On Aug. 5 in Bulo Marer, Lower Shebelle Region, three masked men suspected of being Al Shabaab rebels abducted Shamsa Enow Hussein, a 28-year-old mother of two, outside her home after determining that she was a secret Christian, her husband said (see Morning Star News, Aug. 20).
Al Shabaab, said to have ties with Al Qaeda, is battling the Somali government that replaced the Transitional Federal Government on Aug. 20, 2012.
On June 7 in Jamaame District in southern Somalia, insurgents from the group shot 28-year-old Hassan Hurshe to death after identifying him as a Christian, sources said (see Morning Star News, June 20). Al Shabaab members brought Hurshe to a public place in the town of Jilib and shot him in the head, they said.
On March 23, Al Shabaab militants in Bulo Marer jailed and tortured a Christian, 25-year-old Hassan Gulled, for converting from Islam, sources said (see Morning Star News, April 16).
On Feb. 18, suspected Islamic extremists shot Ahmed Ali Jimale, a 42-year-old father of four, on the outskirts of the coastal city of Kismayo. (see Morning Star News, Feb. 28).
In the coastal city of Barawa on Nov. 16, 2012, Al Shabaab militants killed a Christian after accusing him of being a spy and leaving Islam, Christian and Muslim witnesses said.

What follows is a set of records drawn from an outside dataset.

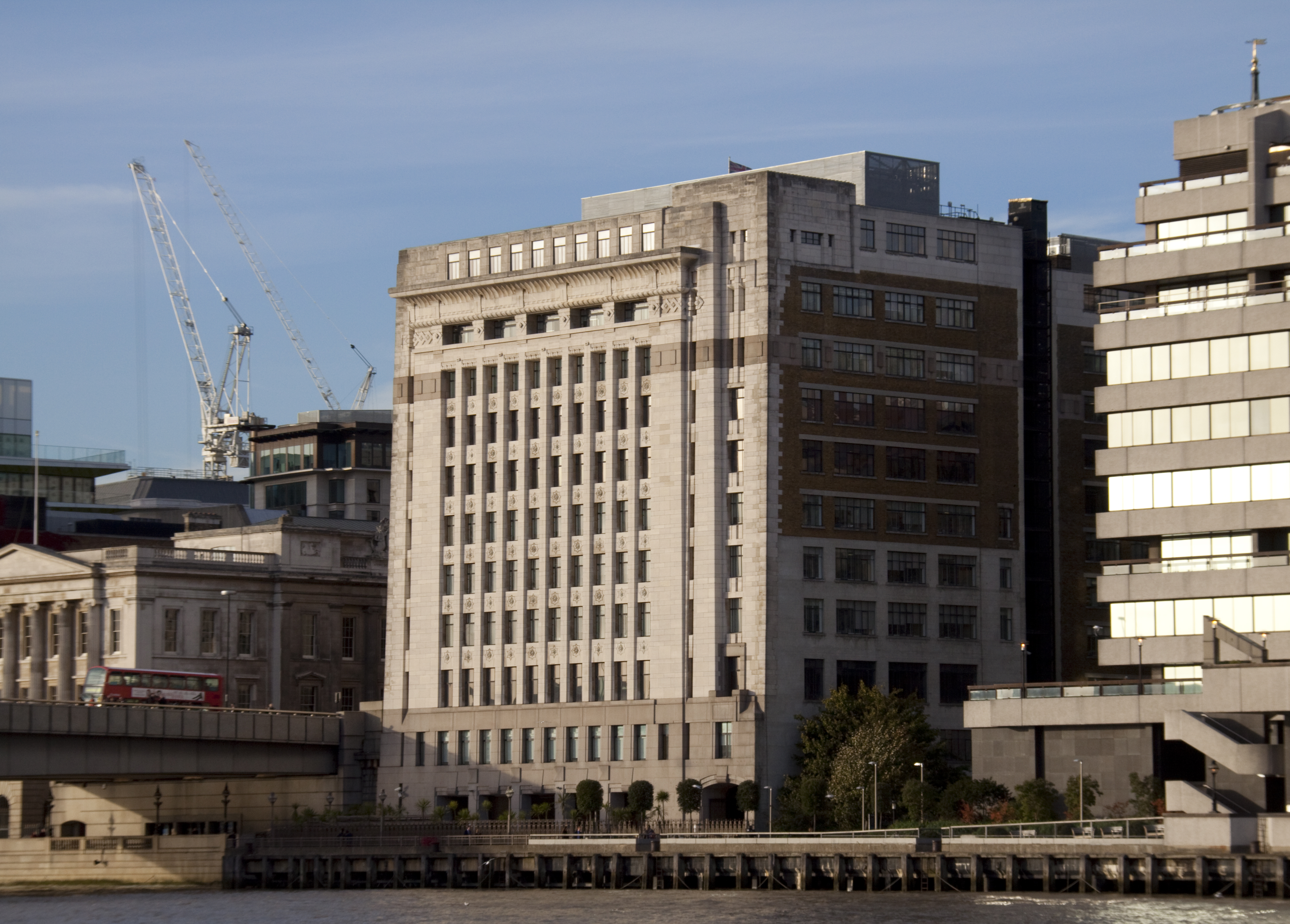 Built between 1924 and 1925 in a mixture of styles although it does owe some of its features to Art Deco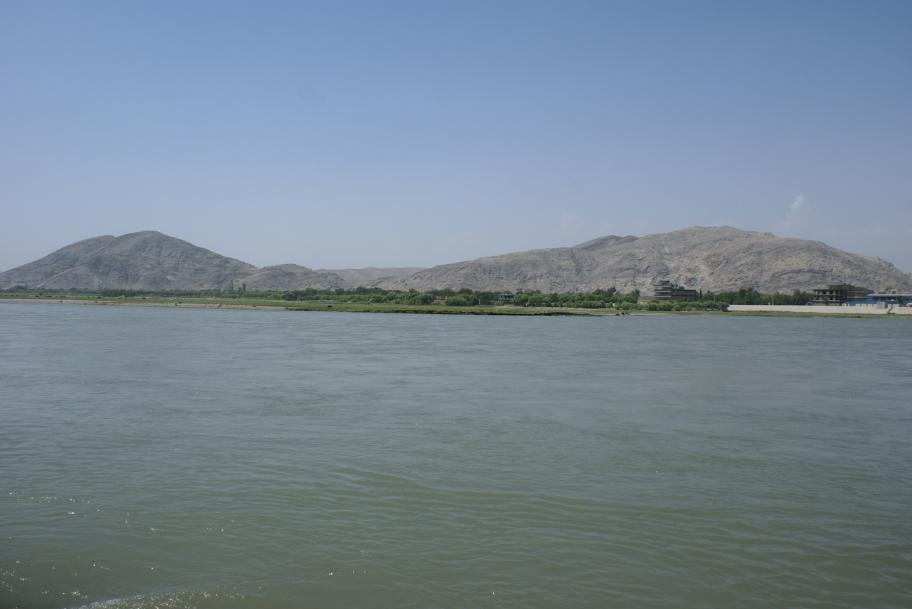 Kabul River in Behsood Bridge Area, Jalalabad - 30th July, 2009. By Qudratullah Khan پښتو: د کابل سيند د بهسودو پله په سيمه کې. په ۳۰ د جولای، ۲۰۰۹ کال. قدرت الله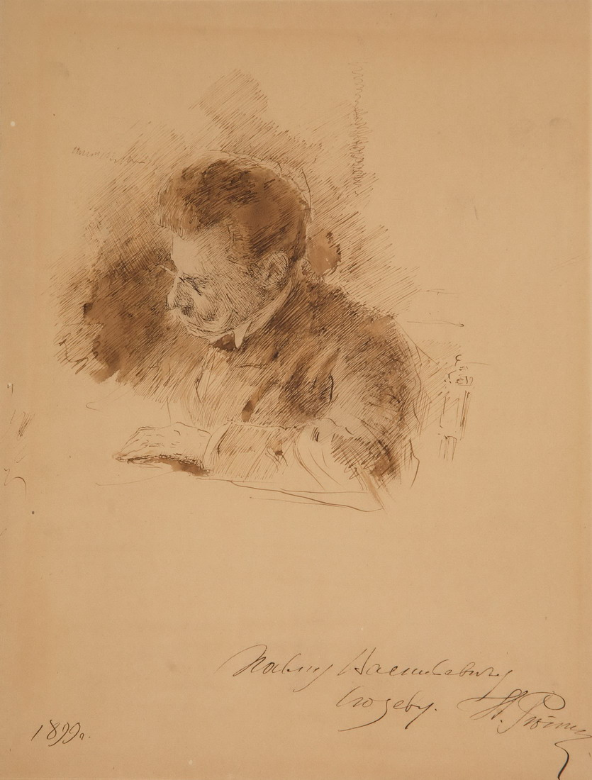 Male portrait

The extremists beheaded 25-year-old Farhan Haji Mose after monitoring his movements for six months, sources said (see “Morning Star News, Nov. 17, 2012).
Mose drew suspicion when he returned to Barawa, in the Lower Shebelle Region, in December 2011 after spending time in Kenya, according to underground Christians in Somalia. Kenya’s population is nearly 83 percent Christian, according to Operation World, while Somalia’s is close to 100 percent Muslim.